With the above situation what were my other choices? I could have patiently continued to look for the gifts my family members were asking for and ignored their escalating voices (and stuffed my frustration). I could have told them all to go to hell and find their own gifts and stormed out of the room. I could have made the whole thing into a joke to lessen the tension for them and for me. I could have said a clear version of my truth, "I'm sorry, but I'm having a hard time finding these gifts. Maybe someone could come over here and help me or try to be patient while I do one thing at a time." I'm sure there are other possibilities that I'm not thinking of. For me, I think the last two choices ring more true to who I want and strive to be as a person.
So next Christmas, my family better watch out - I intend to be so patient, kind and in touch with my feelings, it will be nearly intolerable. I hope it will be the same for you.

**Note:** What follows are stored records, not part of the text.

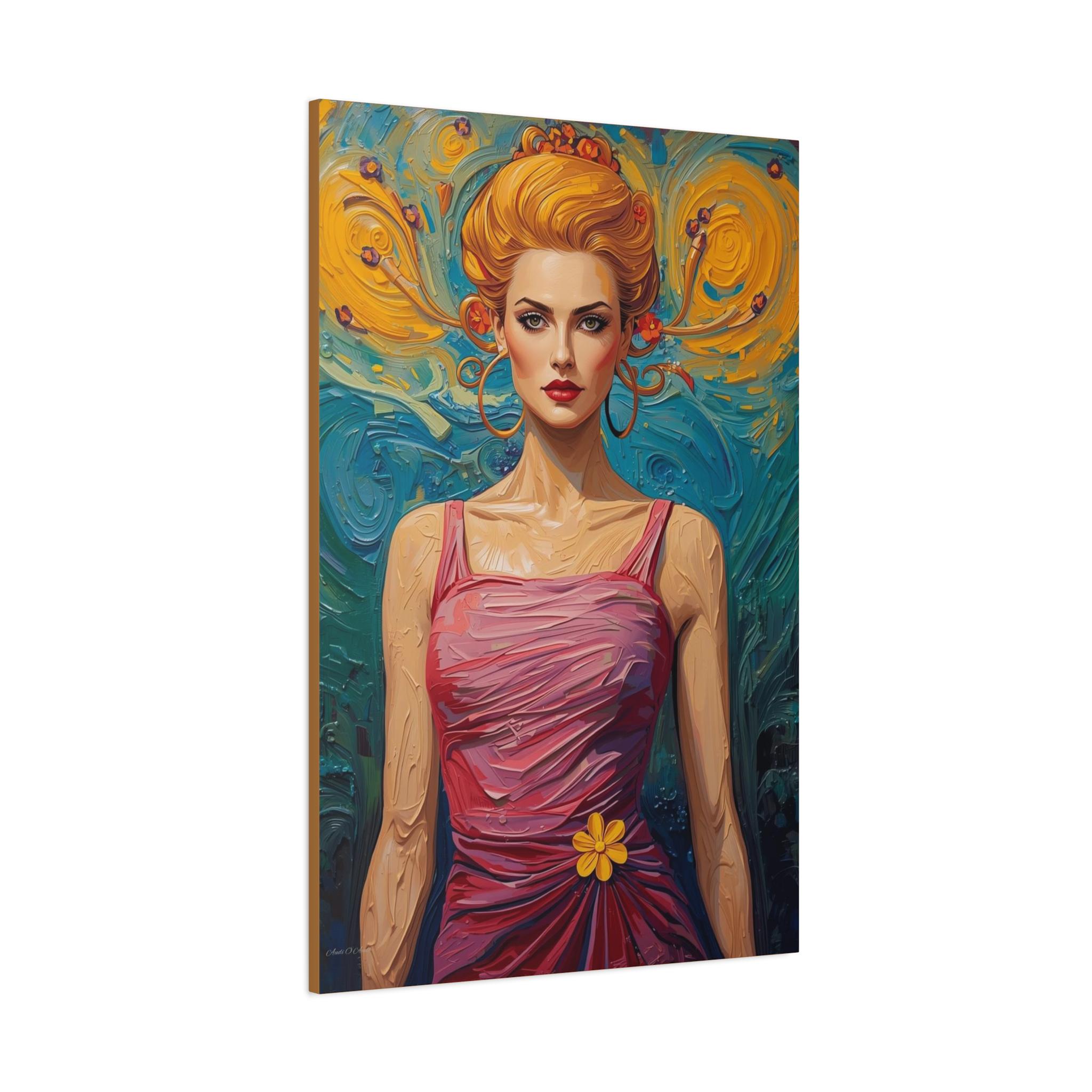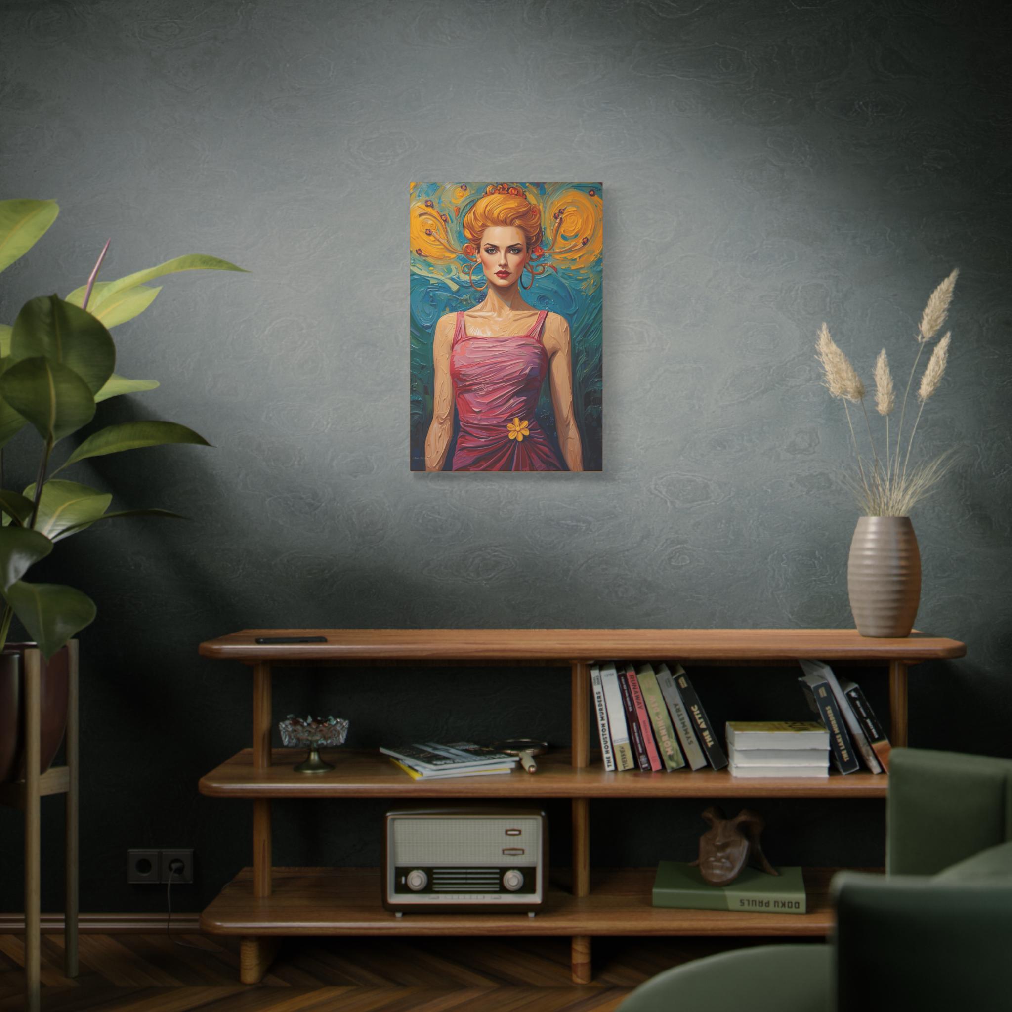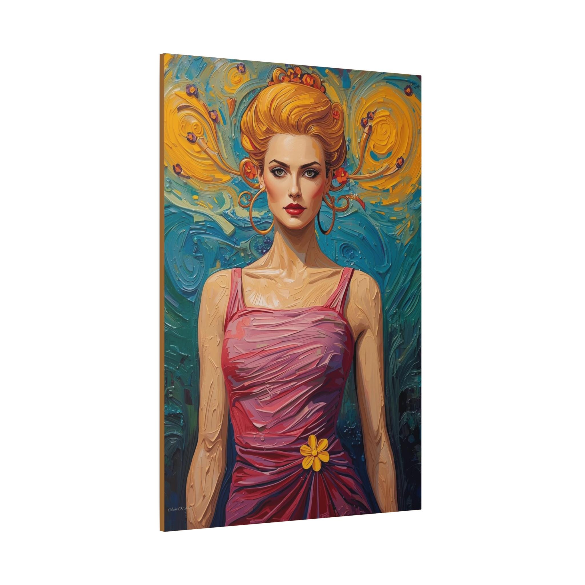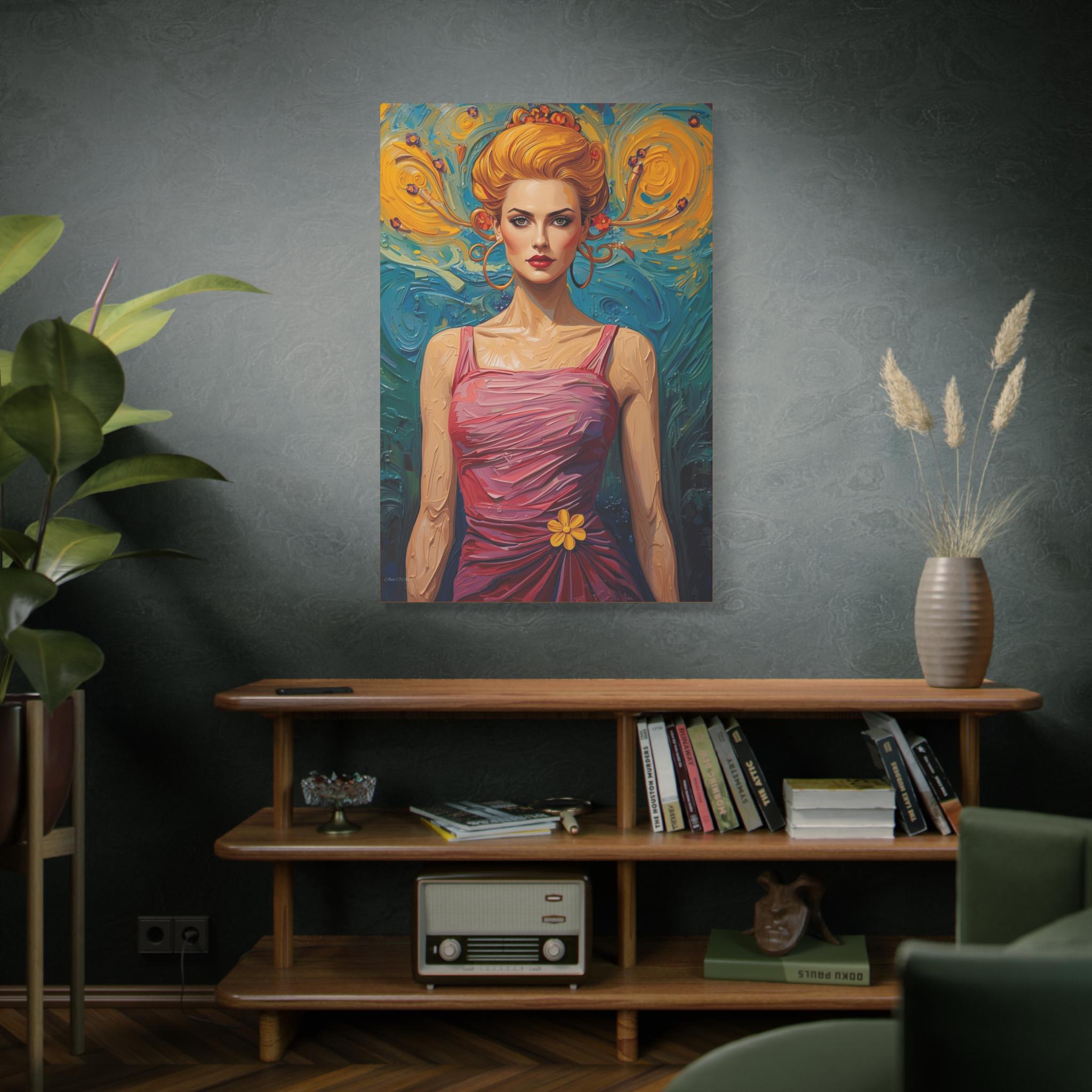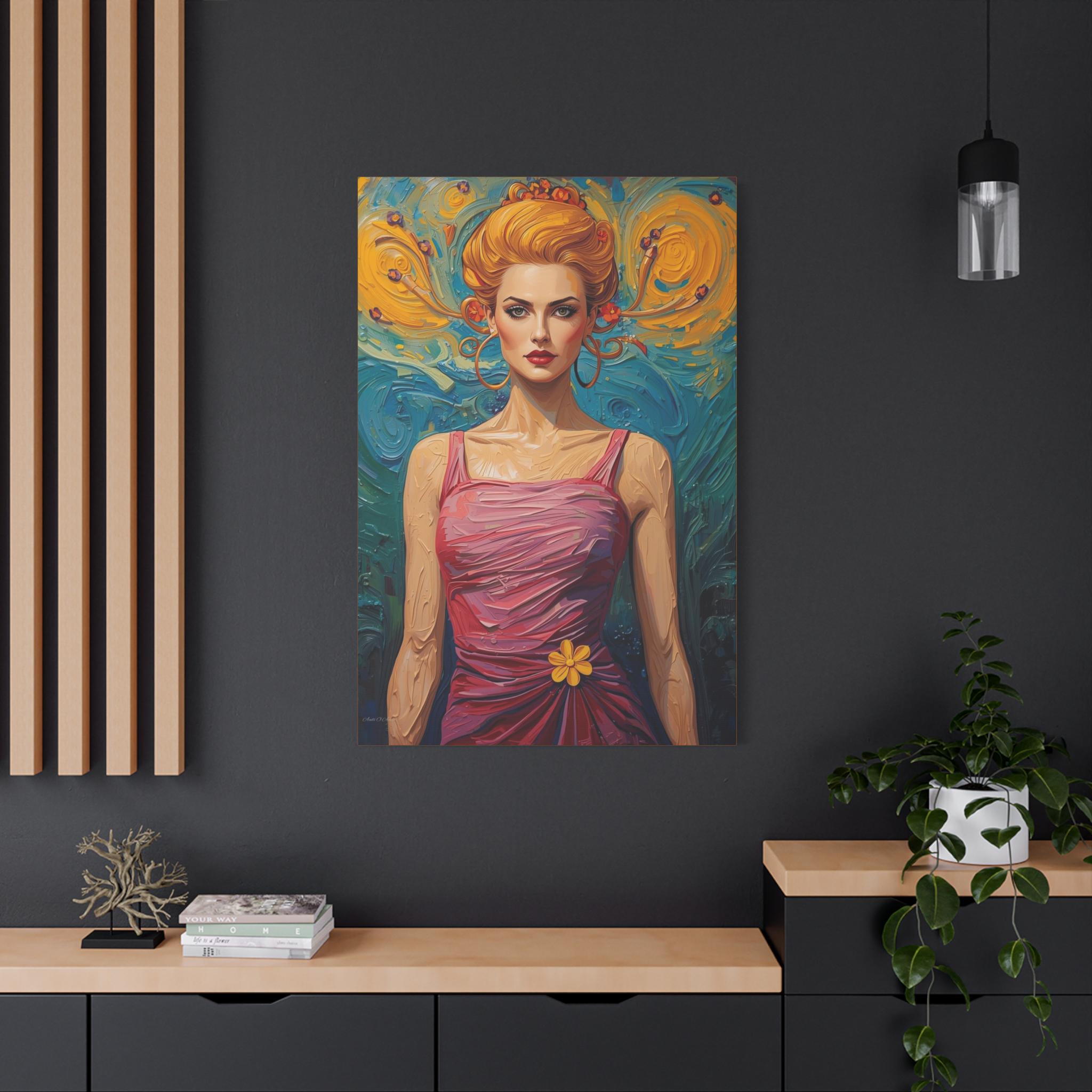 Illuminate your walls with the vibrant energy of Fiori d'Oro, a bold vertical portrait canvas print executed in a captivating expressionist style. This artwork is a striking study in contrasts, featuring a finely rendered, classically beautiful woman set against an explosively textured, impasto background.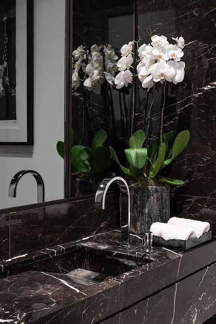 The black marble countertop in the bathroom pairs beautifully with the white walls.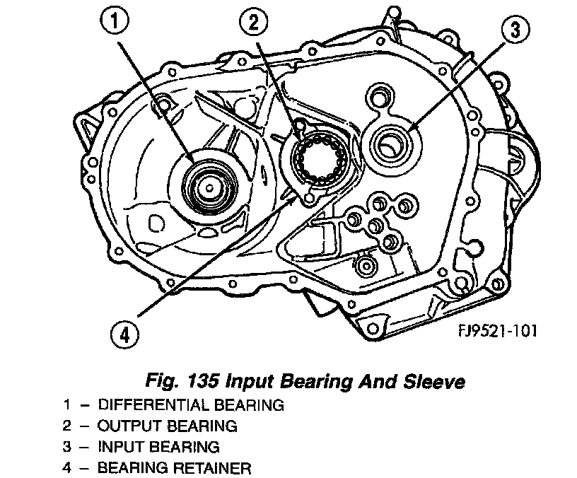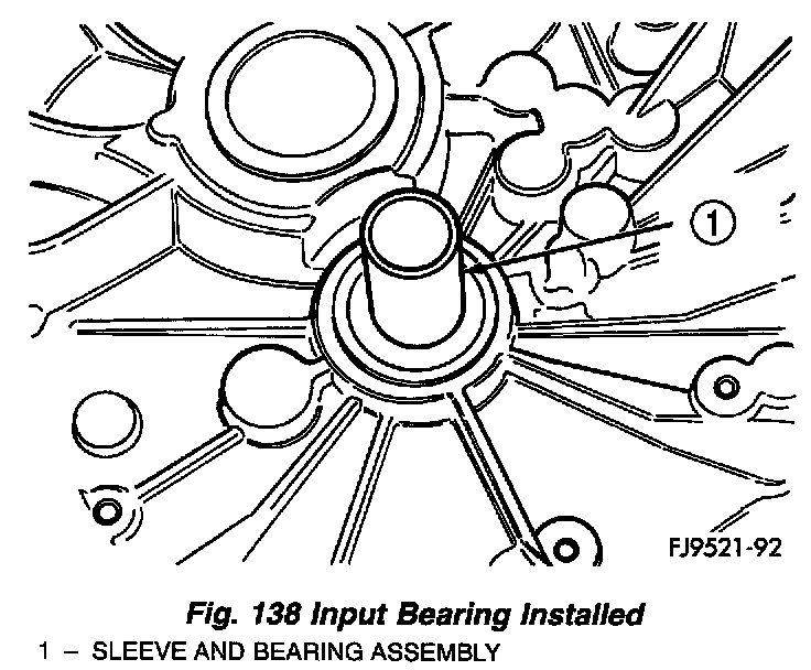 The input bearing is a one-piece bearing and sleeve unit (Fig. 135). The sleeve is the slide point for the clutch-release bearing and lever.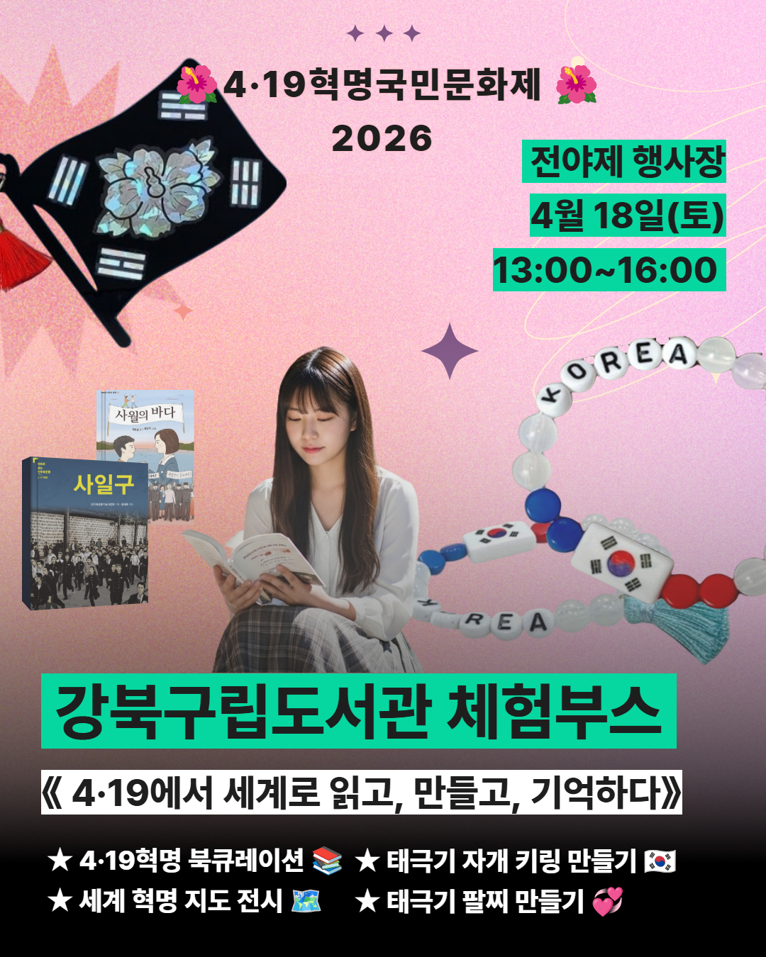 강북구립도서관 체험부스 「4·19에서 섹계로: 읽고, 만들고, 기억하다」4월 18일 토요일 《 4·19혁명국민문화제 2026 》 전야제 행사장에 도서관이 찾아갑니다!4·19혁명 유공자의 희생 정신을 기리고, 자유·민주·정의의 숭고한 정신을 되새길 수 있는 다양한 전시와 체험이 준비되어 있으니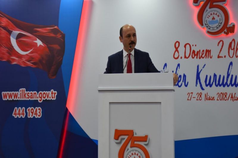 Bir konuşma yapan Genel Başkan Talip Geylan sözlerine İlksan Yönetim Kurulu Başkanı Tuncer Yılmaz başta olmak üzere İlksan yönetim ve denetleme kurulu üyelerini başarılı çalışmalarından dolayı kutlayarak başladı. İlksan Yönetim ve Denetleme Kuruluna şeffaf ve adil çalışmaları, İlksan üyelerinin hak ve menfaatlerini en iyi şekilde temsil etmelerinden dolayı teşekkürlerini ileten Geylan şunları söyledi: “Sayın Müsteşar Yardımcısı konuşmasında İlksan’ın çalkantılı dönemlerinden bahsetti. Bilinsin ki o çalkantılı dönemler, Türk Eğitim-Sen’den önceki dönemlerdi. Hamdolsun 1996 yılından itibaren Türk Eğitim-Sen delegelerinin iradesiyle İlksan’da yönetime dahil olan eğitim çalışanları her dönem yüzümüzü ağarttılar. Türk Eğitim-Sen 1996 yılında 3 milyon TL borçla sandığı devraldı. Bugün gelinen noktada ise İlksan, 1 milyar 254 milyon nakit varlığa sahiptir. Bu varlığı yüzde 78’i de yardım olarak üyelerin cebinde bulunuyor. Bildiğiniz gibi İlksan, üyelerine, evlenme, cenaze doğum v.b. birçok yardımda bulunuyor. 2017 yılındaki toplam aidat gelirinin yüzde 40 fazlası üyelerine sosyal yardım olarak aktarılmıştır. İşte tüm bunlar, yönetim başarısının somut göstergesidir.”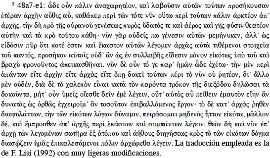 Debemos reiniciar por ello nuestra tarea y, tal como hicimos anteriormente, empezar ahora otra vez desde el principio, adoptando un nuevo principio adecuado a esta perspectiva. Tenemos que considerar la naturaleza del fuego, agua, aire y tierra y su estado antes de la creación del universo, pues creo que nadie hasta ahora reveló su origen, sino que, como si nos dirigiéramos a quienes ya saben lo que es el fuego y cada uno de ellos, los llamamos principios y los hacemos elementos del universo, aunque quienquiera que tenga un poco de inteligencia debería utilizar dicha similitud sólo de manera aproximada, y no como si se tratara de tipos de sílaba. (48c2) Pues bien nuestra posición es la siguiente. Ahora no he de hablar ni de principio ni de principios de todas las cosas ni de lo que me parece acerca de ellos, no por nada, sino por lo difícil que es demostrar lo que creo en la forma presente de exposición, y ni ustedes creen que sea necesario que yo lo diga, ni yo sería capaz de convencerme a mí mismo de que actuaría correctamente si me propusiera tamaña empresa. Teniendo presente lo dicho al comienzo de la exposición respecto de la fuerza de los discursos verosímiles, intentaré uno no menos verosímil sino más, incluso anterior al que procede del principio y procuraré disertar acerca de cada uno de ellos en particular y acerca del conjunto. Recomencemos el discurso, después de invocar también ahora, al principio de nuestra disertación, al dios protector para que nos conduzca sanos y salvos de esta exposición rara y desacostumbrada a la doctrina probable.5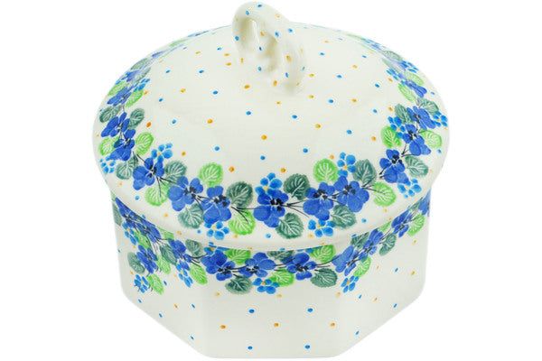 This Waterfall Blooms 6" Pretzel Jar 6" was handmade and hand decorated in Boleslawiec, Poland by skilled artisans according to old traditional methods. This Polish stoneware is microwave, dishwasher, freezer, and oven safe up to 480°F. It does not contain lead or cadmium. It is part of the Waterfall Blooms Collection.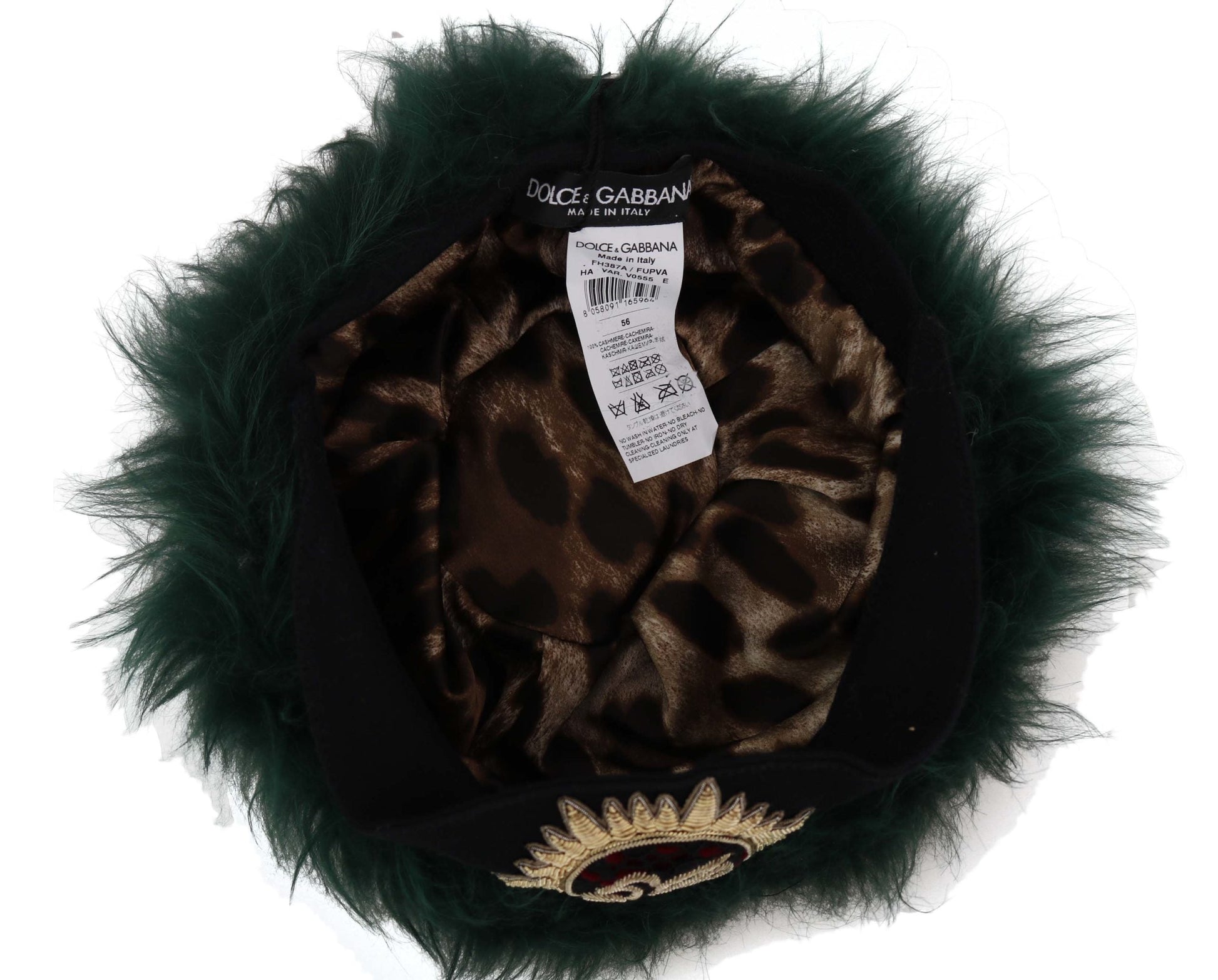 Dolce & Gabbana Green Fur DG Logo Embroidered Cloche Hat
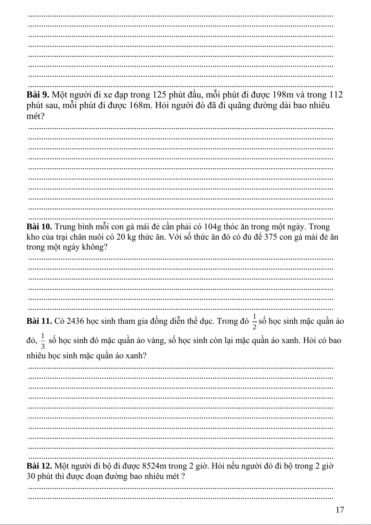 Bài 9. Một người đi xe đạp trong 125 phút đầu, mỗi phút đi được 198m và trong 112
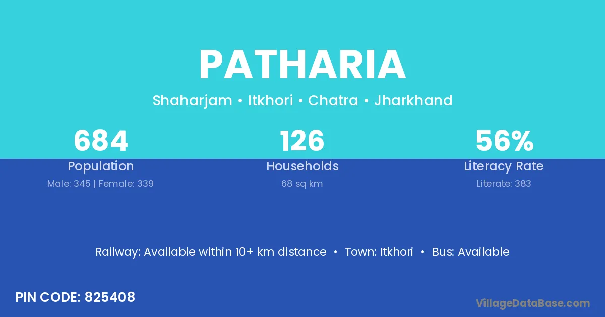 Dhamdha (27 km) is the nearest town to Patharia village for major economic activities and is located approximately 27 km away.

Speaking of choices and family, and on a somewhat other note...this article appeared in the NYT on Dec. 26 http://www.nytimes.com/2010/12/26/us/politics/26death.html?emc=tnt&tntemail1=y regarding the new Medicare guidelines for doctors to advise their patients regarding choices in end of life care including advance directives. In case you don't know, advance directives are documents that allow a person who is healthy and his or her right mind to consider in advance what life sustaining treatments should be administered or withheld should that person not be able to make those decisions on her own and also appointing a health care proxy like a spouse or adult child. We should all be having these conversations with our families and making sure we have these documents, whether this is initiated by our doctors or not. Obviously, my time working in hospice exposed me to these issues, but by the time a person is in need of hospice care, the trajectory of their illness or treatment is typically one without much choice. I most certainly saw families where the existence of an advance directive would have brought lots of peace of mind to the family trying to make decisions for a loved one in a coma or with dementia.